Dimitré Dinev, geboren 1968, lebt in Wien. Sein jüngster Essayband "Barmherzigkeit" erschien 2010 im Residenzverlag.
Ich schreibe mit der Hand, mit der rechten. Während meines zweijährigen Armeedienstes hat sich herausgestellt, dass ich mit der Linken schieße, dass sie die Hand ist, mit der ich die besten Treffer lande. Aber ich war nie versucht, darin eine versteckte Metapher zu sehen.
Ich schreibe mit Füllfeder. Aber am liebsten diktiere ich das Geschriebene. So kann ich jeden Satz hören, noch bevor er getippt wird, und ein besseres Gefühl für den Rhythmus bekommen. Während ich diktiere, mache ich schon die ersten Korrekturen. Am liebsten diktiere ich meiner Frau. Sie ist der einzige Mensch, der meine Werke liest, bevor ich sie wegschicke. Die Meinung eines geliebten Menschen, eines Menschen, mit dem ich das Leben teile, ist mir viel wichtiger als jede andere.
Meine Texte überarbeite ich so gut wie kaum, höchstens, dass ich hier und dort ein Wort austausche. Dafür aber denke ich lange nach, bevor ich einen Satz niederschreibe. Wenn er aber einmal aus der Feder ist, dann steht er.
Sollte ich beim Schreiben zu aufgeregt sein, oder eine Stelle erreichen, die sehr schwer zu knacken ist, dann greife ich zu den Spielkarten, die sich immer in unmittelbarer Nähe befinden, und lege entweder Patiencen oder spiele Bridge mit mir selbst. So warte ich ab, bis die Aufregung sich auflöst und ich wieder klar denken kann. Sollte aber die Stelle auch danach nicht zu knacken sein, überspringe ich sie, schreibe an der Geschichte weiter und versuche, erst am nächsten oder übernächsten Tag die Lösung zu finden.
Jahrelang habe ich ausschließlich nachts geschrieben. Erst bei der Arbeit an meinem ersten Roman habe ich eingesehen, dass ich diese Praxis ändern muss, wenn ich nicht zugrunde gehen will. Seitdem schreibe ich am liebsten in den frühen Morgenstunden.

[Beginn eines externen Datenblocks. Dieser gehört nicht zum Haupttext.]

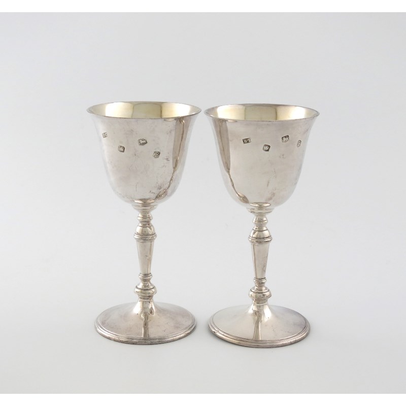 urn shaped bowls, gilded interiors, on knopped baluster stems on raised circular bases, height 14.5cm, approx. weight 12.5oz. (2)
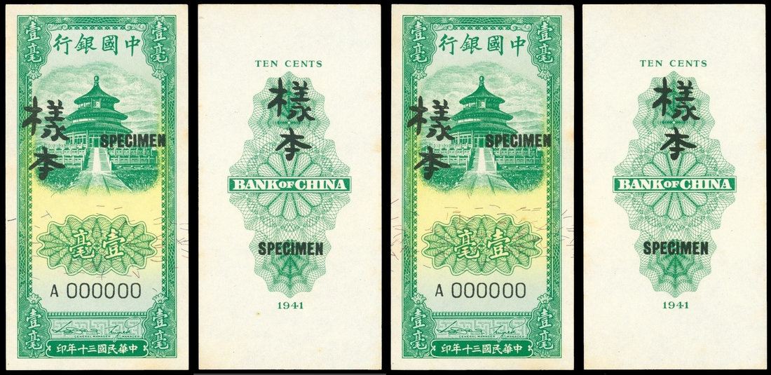 Bank of China, a pair of uniface obverse and reverse 10 cents specimen, 1941, small vertical format, green on yellow underprint, Temple of Heaven at top on obverse, reverse green, black Chinese and English 'Specimen' overprinted,

So genieße ich zwischen vier und sieben Uhr morgens nicht nur jene Stille, derentwegen ich die Nacht früher so geliebt habe (denn es kostet einiges an Kraft, die Geräusche des Alltags auszublenden), sondern auch die Dankbarkeit meines Körpers, in dessen Genen der Urrhythmus unzähliger Geschlechter von Bäuerinnen und Bauern gespeichert ist, die jahrhundertelang mit ihren Tieren aufgestanden sind.
Während ich schreibe, brennt eine Kerze auf meinem Schreibtisch. Es brennt so einiges, während ich schreibe, meine Augen, meine Seele, eine Zigarette. Ich trinke dabei Kaffee und schaue immer wieder auf die Bewegungen des Rauches, der hinaufsteigt, hinauf zu meinen Literaturgöttern.
Ja, so haben jahrelang meine Schreibgewohnheiten ausgeschaut, doch dann ist meine Tochter auf die Welt gekommen, und mit ihrer Geburt hat sich alles in ein fröhliches Chaos aufgelöst. Nur die Angst ist gleich geblieben, die Angst, dass ich irgendwo eine brennende Kerze vergessen habe.